Polyamine catabolism in carcinogenesis: potential targets for chemotherapy and chemoprevention

Abstract

Polyamines, including spermine, spermidine, and the precursor diamine, putrescine, are naturally occurring polycationic alkylamines that are required for eukaryotic cell growth, differentiation, and survival. This absolute requirement for polyamines and the need to maintain intracellular levels within specific ranges require a highly regulated metabolic pathway primed for rapid changes in response to cellular growth signals, environmental changes, and stress. Although the polyamine metabolic pathway is strictly regulated in normal cells, dysregulation of polyamine metabolism is a frequent event in cancer. Recent studies suggest that the polyamine catabolic pathway may be involved in the etiology of some epithelial cancers. The catabolism of spermine to spermidine utilizes either the one-step enzymatic reaction of spermine oxidase (SMO) or the two-step process of spermidine/spermine N (1)-acetyltransferase (SSAT) coupled with the peroxisomal enzyme N (1)-acetylpolyamine oxidase. Both catabolic pathways produce hydrogen peroxide and a reactive aldehyde that are capable of damaging DNA and other critical cellular components. The catabolic pathway also depletes the intracellular concentrations of spermidine and spermine, which are free radical scavengers. Consequently, the polyamine catabolic pathway in general and specifically SMO and SSAT provide exciting new targets for chemoprevention and/or chemotherapy.

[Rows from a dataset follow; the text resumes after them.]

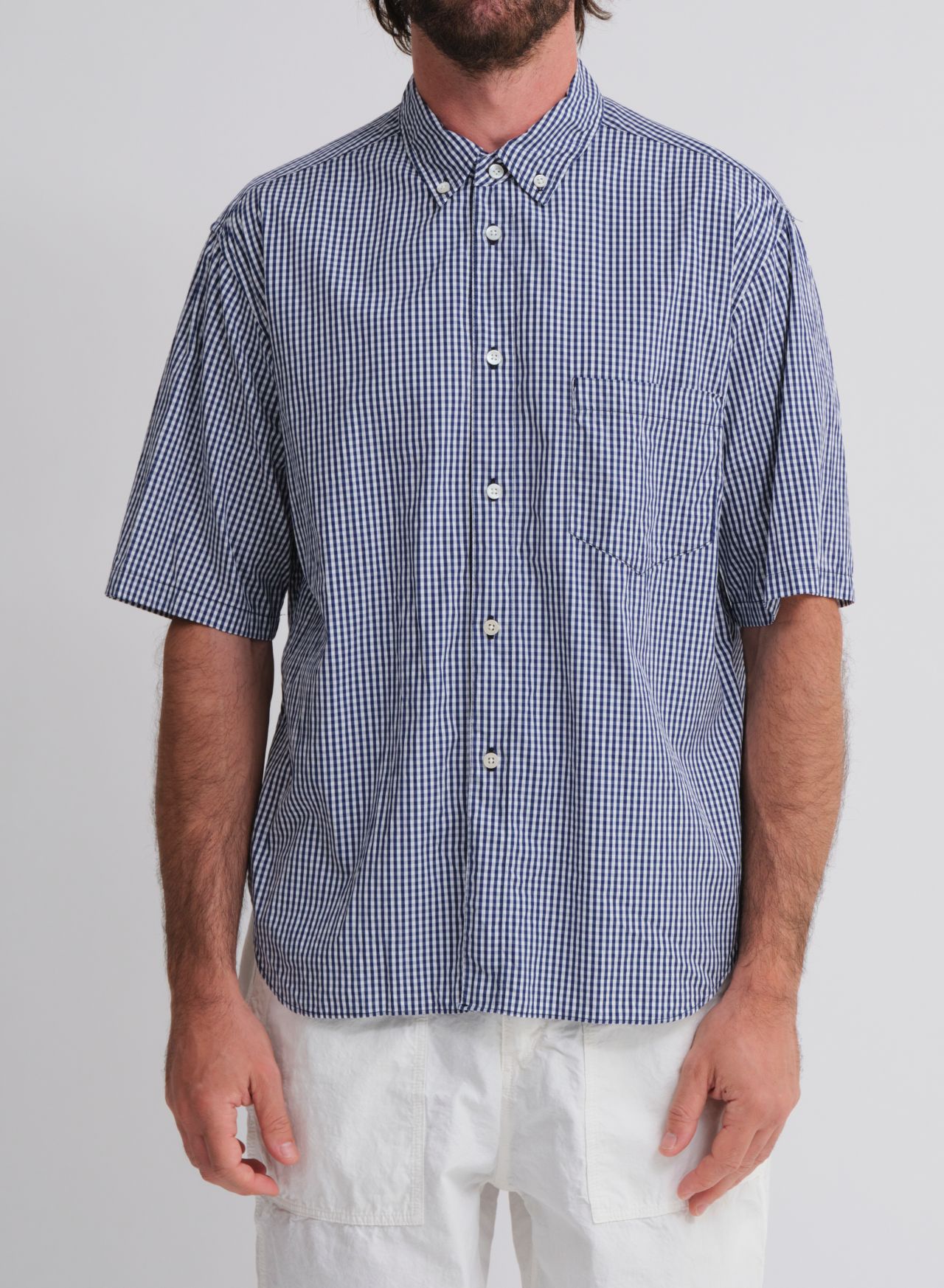 ・ギンガムチェック半袖釦ダウンカラーシャツ
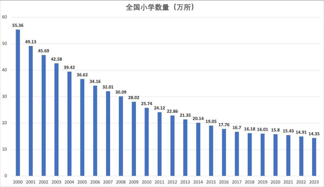2000年,全国小学有55.36万所,其中乡村小学数量为44.03万所;|2021年,全国小学15.43万所,其中乡村小学数量仅为8.14万所。
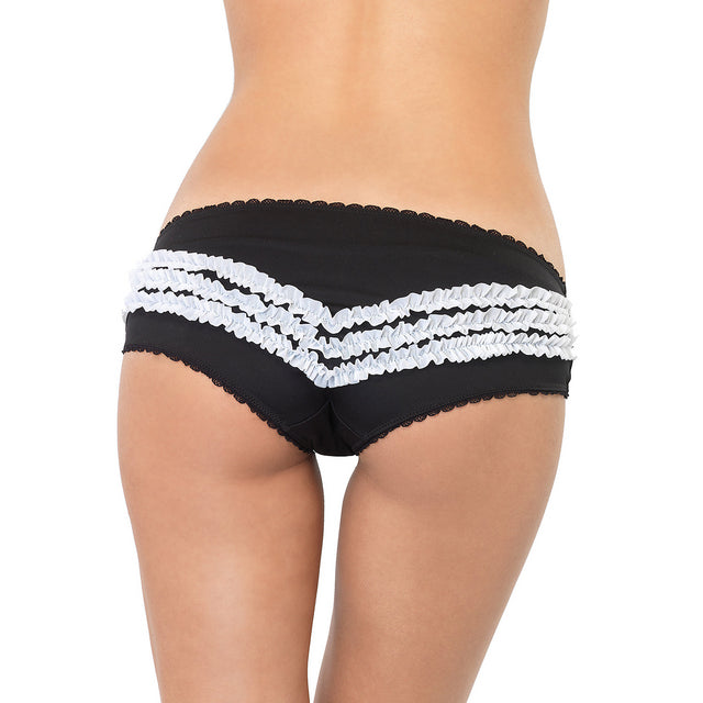 Step into style with our French Briefs, the perfect blend of comfort and flair. Featuring a black contrast ruffle-back panty adorned with white ruffles, these briefs are designed to elevate your costume or themed party outfit.
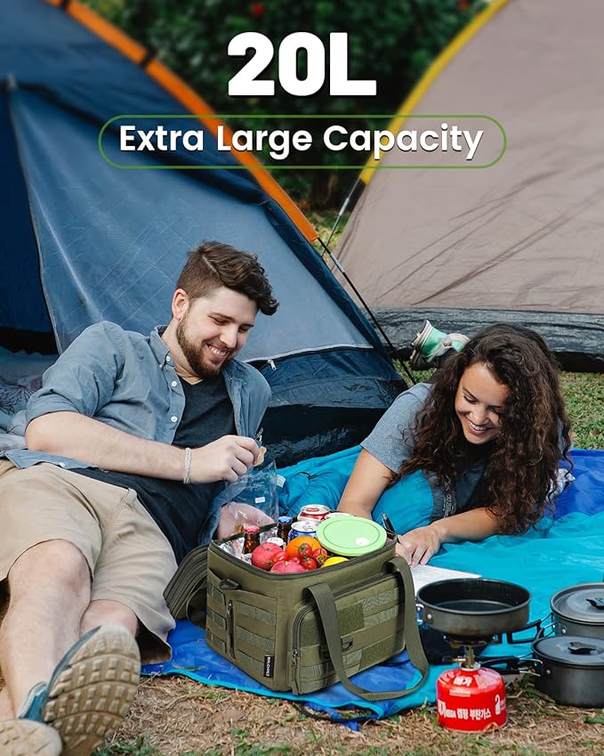 RalChyez Tactical Lunch Bag, 20L Large Heavy Duty Double Deck Insulated Lunch Box Leakproof Expandable Tote Cooler with Shoulder Strap for Adult Men Women Work Fishing Picnic Travel Green
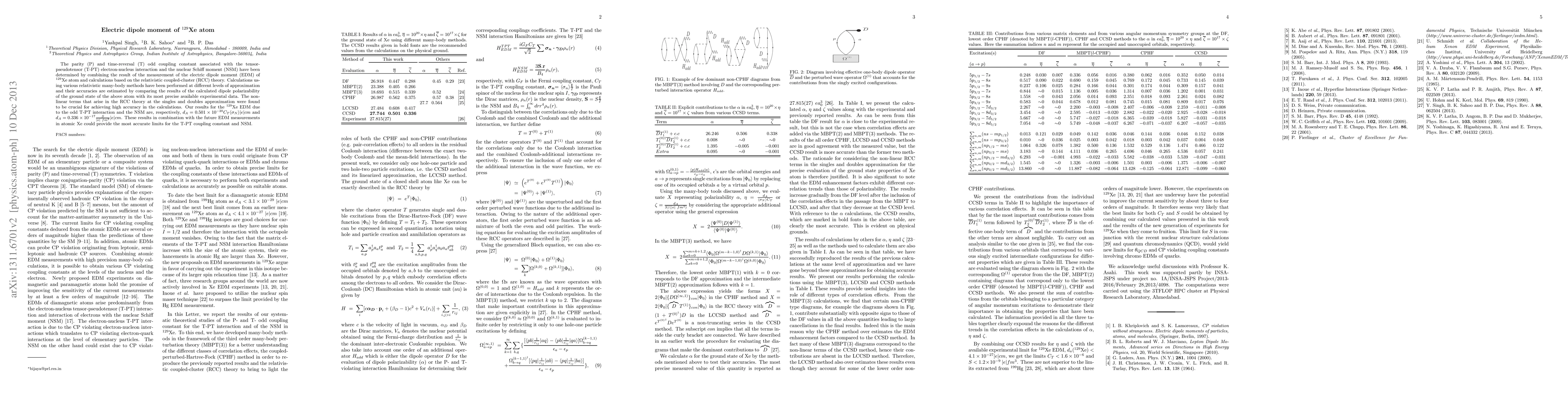This paper determines the electric dipole moment (EDM) of ^{129}Xe atom, combining experimental measurements and relativistic coupled-cluster theory calculations. The results provide precise values for the T-PT interaction and nuclear Schiff moment, which could set accurate limits for these fundamental constants.
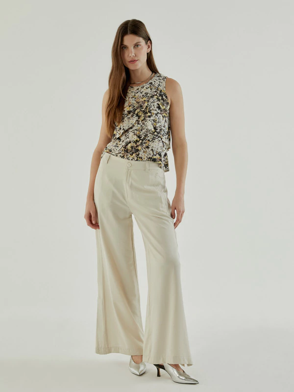 Remera sin mangas confeccionada en tejido liviano de viscosa con elastano, que ofrece suavidad y confort. Presenta una estampa exclusiva que aporta personalidad y estilo único. De escote redondo a la base, calce recto y largo por encima de la cadera, se adapta con naturalidad al cuerpo.
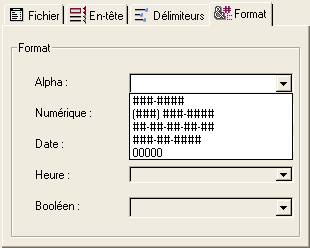 Des caractères de remplissage peuvent être utilisés pour trois types de valeurs : Alpha/Booléens (les booléens sont importés en tant qu’alpha), Numériques et Date/Heure. Les menus vous proposent les valeurs les plus couramment utilisées. Les zones de saisie situées à droite affichent les caractères sélectionnés. Si vous souhaitez utiliser d’autres caractères, saisissez-les directement dans les zones.
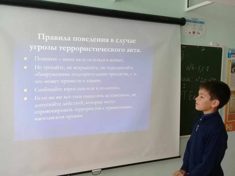 Был организован просмотр и обсуждение презентации «Терроризм – угроза обществу». В презентации наглядно демонстрировались трагические последствия террористических актов, имевших место в истории нашей страны. А также обучающиеся познакомились с правилами поведения в случае угрозы террористического акта.
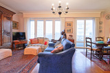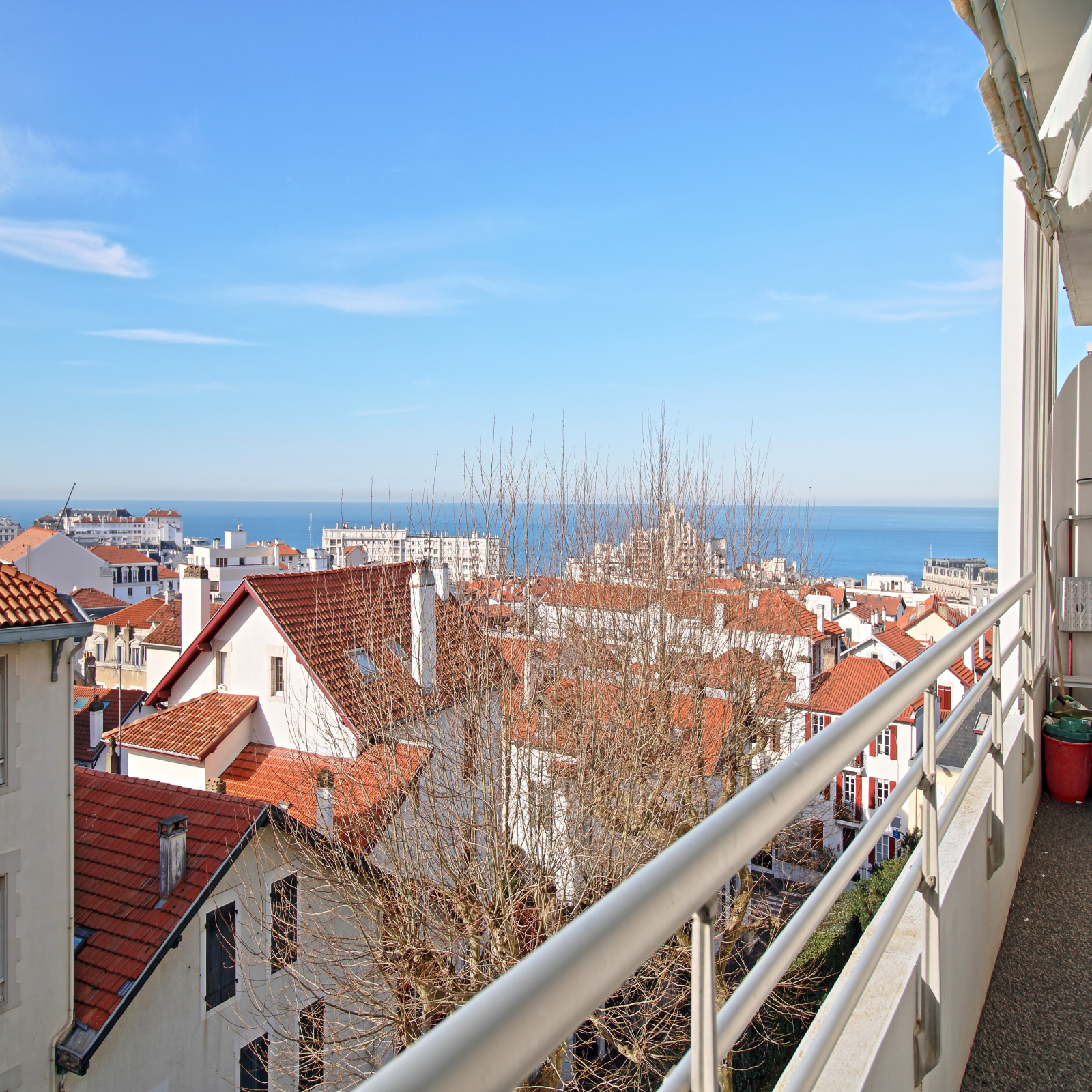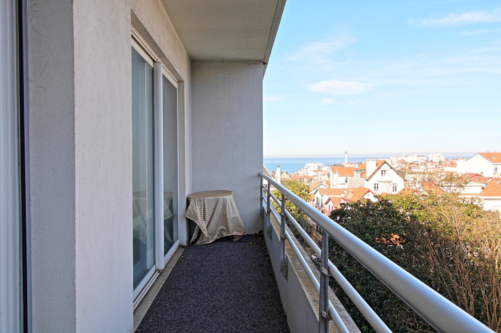 Composé d’une entrée avec placards, une cuisine dinatoire donnant sur un balcon avec vue Océan et Rhune, un double séjour avec salon cheminée (décorative), parquet massif, donnant sur un autre balcon avec aperçu sur le phare de Biarritz.
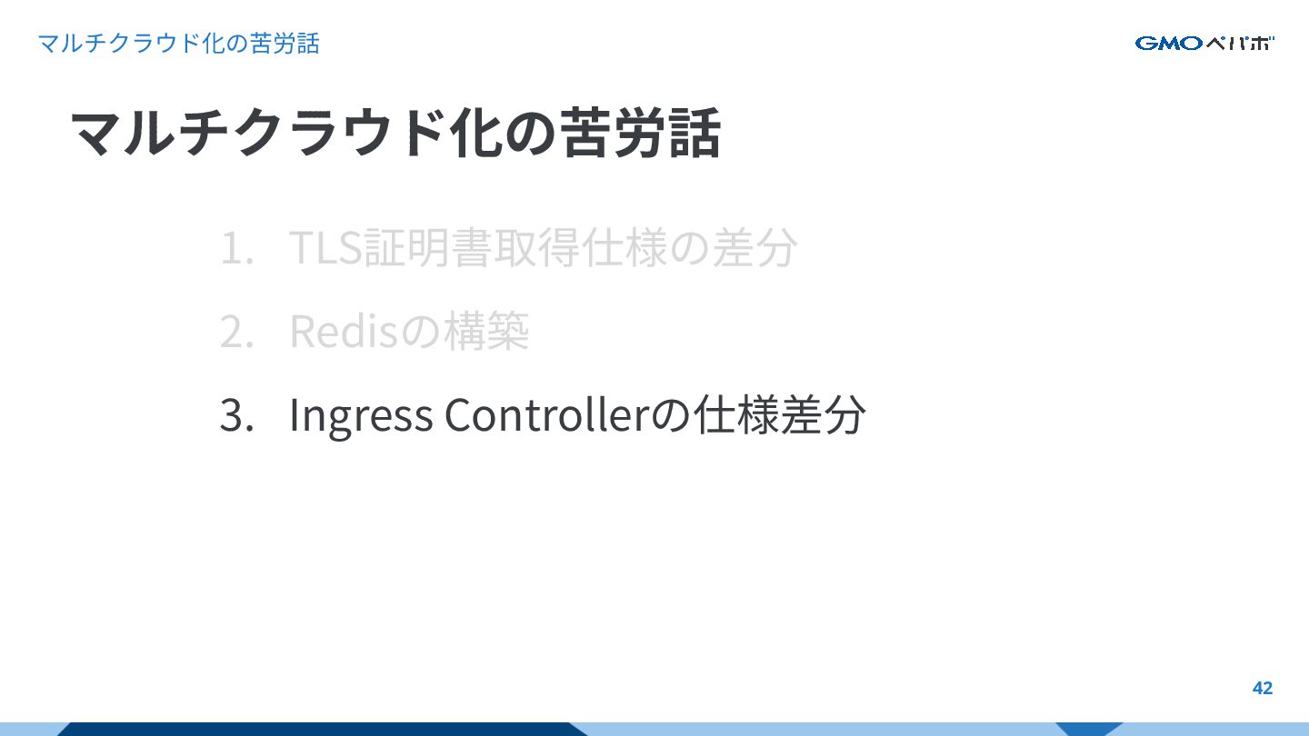 マルチクラウド化の苦労話 42 1. TLS証明書取得仕様の差分 2. Redisの構築 3. Ingress Controllerの仕様差分 マルチクラウド化の苦労話

Fig. 1. Polyamine metabolism

Ornithine decarboxylase (ODC) is required for the first step in polyamine synthesis in which ornithine is decarboxylated to produce putrescine. The decarboxylation of S-adenosylmethionine (AdoMet) by AdoMet decarboxylase (AdoMetDC) yields decarboxylated AdoMet, which is then used as the aminopropyl donor for spermidine synthase and spermine synthase to produce the higher polyamines spermidine and spermine, respectively. The conversion to lower level polyamines is made in either two-steps by the spermidine/spermine N¹-acetyltransferase (SSAT)/N¹-acetylpolyamine oxidase (APAO) mechanism or directly from spermine to spermidine by spermine oxidase (SMO). The activities of both APAO and SMO lead to the production of H₂O₂ and the aldehydes 3-acetoaminopropanal (3-AAP) and 3- aminopropanal (3-AP), respectively.

Fig. 2. Potential contributions of polyamine catabolism to cell damage

Polyamine catabolism can be stimulated by various stressors, and transcription of the catabolic enzymes is targeted by transcription factors known to be crucial to stress response such as NFkB and Nrf2. Spermine is catabolized by spermine oxidase (SMO) to produce spermidine, 3-aminopropanal (3-AP), and H₂O₂. Spermine and spermidine can both be catabolized by spermidine/spermine N¹-acetyltransferase (SSAT) to produce N¹-acetylspermine and N¹- acetylspermidine, which can then serve as substrates for N¹-acetylpolyamine oxidase (APAO), which produces either spermidine or putrescine, respectively, along with 3-acetoaminopropanal (3-AAP) and H₂O₂. These reactive aldehydes and H₂O₂ are capable of damaging cellular machinery, lipids, and DNA, leading to cellular dysfunction, apoptosis, or damage that may lead to carcinogenesis. Polyamines have many crucial roles in the cell and perturbance of the polyamine pool and loss of the higher polyamines through catabolism or export can also disrupt normal function and may contribute to the progression of disease.